I'm looking to match a list of keywords in Columns (A, B, C) and categorize(Column D) each link with found strings within the keywords list.

  • Match link strings with keywords list for categorization
  • If there are 2 keywords for category, both keywords must match in order to categorize
  • article word separators will always be "-"

I'm thinking google apps script would be best to categorize it efficiently.

Here's the spreadsheet: https://docs.google.com/spreadsheets/d/1W4VAqUDVdJ6EJqzhkMlYRnUOSSM-kdhj3MfuZsu17qM/edit#gid=0

enter image description here

So far, I have this formula which sort of works sometimes but is slow and inconsistent:

=ARRAYFORMULA(IFERROR(REGEXEXTRACT(
 IFERROR(VLOOKUP(INDEX(IFERROR(REGEXEXTRACT(IFERROR(SPLIT(H2:H, "-")), 
 TEXTJOIN("|", 1, A2:C))),,1), {{A2:A;B2:B;C2:C},{D2:D;D2:D;D2:D}}, 2, 0))&
 IFERROR(VLOOKUP(INDEX(IFERROR(REGEXEXTRACT(IFERROR(SPLIT(H2:H, "-")), 
 TEXTJOIN("|", 1, A2:C))),,2), {{A2:A;B2:B;C2:C},{D2:D;D2:D;D2:D}}, 2, 0))&
 IFERROR(VLOOKUP(INDEX(IFERROR(REGEXEXTRACT(IFERROR(SPLIT(H2:H, "-")), 
 TEXTJOIN("|", 1, A2:C))),,3), {{A2:A;B2:B;C2:C},{D2:D;D2:D;D2:D}}, 2, 0)), 
 TEXTJOIN("|", 1, UNIQUE(IFERROR({
 VLOOKUP(INDEX(IFERROR(REGEXEXTRACT(IFERROR(SPLIT(H2:H, "-")), 
 TEXTJOIN("|", 1, A2:C))),,1), {{A2:A;B2:B;C2:C},{D2:D;D2:D;D2:D}}, 2, 0);
 VLOOKUP(INDEX(IFERROR(REGEXEXTRACT(IFERROR(SPLIT(H2:H, "-")), 
 TEXTJOIN("|", 1, A2:C))),,2), {{A2:A;B2:B;C2:C},{D2:D;D2:D;D2:D}}, 2, 0);
 VLOOKUP(INDEX(IFERROR(REGEXEXTRACT(IFERROR(SPLIT(H2:H, "-")), 
 TEXTJOIN("|", 1, A2:C))),,3), {{A2:A;B2:B;C2:C},{D2:D;D2:D;D2:D}}, 2, 0)}))))))

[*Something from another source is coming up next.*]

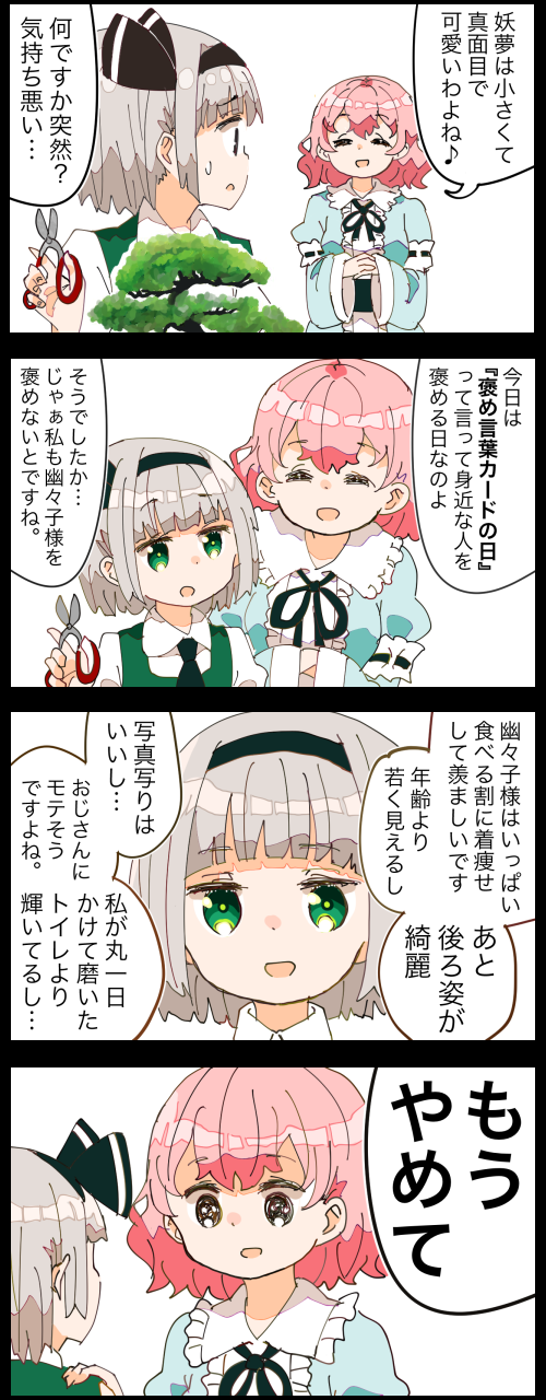 2girls 4koma ^_^ black_eyes bonsai bow closed_eyes comic green_eyes green_shirt hair_bow highres jetto_komusou konpaku_youmu blue_kimono multiple_girls missing_headwear pink_hair gardening_shears saigyouji_yuyuko shirt short_hair smile sweatdrop touhou translated white_hair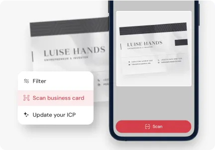 Sometimes you receive a paper business card, or maybe you have a stack sitting in a drawer. Scan and import business cards with Mobilo AI and combine clever data enrichment to send these straight to your marketing database.

How can this be achieved with Google App Scripts? Any help is appreciated, thanks!

2

2 Answers

3
votes

Not a array formula, but I believe this will be faster:

I2:

=TEXTJOIN(",",1,QUERY(A:D,"Select D where A is not null "&JOIN(" and '"&H2&"' contains "," ","A" ,"B"," C"), 0))
  • QUERY to check if H contains A,B and C and return corresponding D.
  • TEXTJOIN to join the results, if multiple are present.

Drag fill down

3
votes
  • You want to achieve the result of image in your question using Google Apps Script.

If my understanding is correct, how about this sample script? Please think of this as just one of several answers. The flow of this script is as follows.

Flow:

  1. Retrieve values from Spreadsheet.
  2. Create an object.
    • This is used for searching values from CategoryByKeywords.
  3. Create the result array using the object.
    • Here, the values of MatchedCategory is created using the object.
    • The values of Keywords are searched using indexOf from the last segment of the URL.
  4. Put the result array to the Spreadsheet.
    • In the sample script, the values are put to the column "K".

Sample script:

When you use this script, please copy and paste the script to the script editor of your shared Spreadsheet, and run the function of myFunction().

function myFunction() {
  // Retrieve values from Spreadsheet.
  var sheet = SpreadsheetApp.getActiveSheet();
  var values = sheet.getRange("A2:H" + sheet.getLastRow()).getValues();

  // Create an object.
  var obj = values.reduce(function(o1, e, i) {
    var p = e.splice(-1)[0].split("/").splice(-1)[0];
    if (p) o1.params.push(p);
    var v = e.splice(0, 4);
    var k = v.splice(-1);
    if (k[0]) {
      var obj = {};
      obj[k[0]] = v.filter(String);
      o1.values.push(obj);
    }
    return o1;
  }, {params: [], values: []});

  // Create the result array using the object.
  var res = obj.params.map(function(e) {
    return obj.values.reduce(function(ar, f, j) {
      var key = Object.keys(f)[0];
      if (f[key].every(function(g) {return e.indexOf(g) > -1})) ar.push(key);
      if (j == obj.values.length - 1 && ar.length == 0) {
        ar.push("");
      } else if (ar.length > 1) {
        ar = [ar.join(",")];
      }
      return ar;
    }, []);
  });

  // Put the result array to the column "K".
  sheet.getRange(2, 11, res.length, 1).setValues(res);
}

Note:

  • This script is for your shared Spreadsheet. When you use other designed Spreadsheet, this script might occur an error. Please be careful this.

References:

I thought that I will study from your this question. So I tried to think of the solution. If I misunderstood your question and this was not the result you want, I apologize.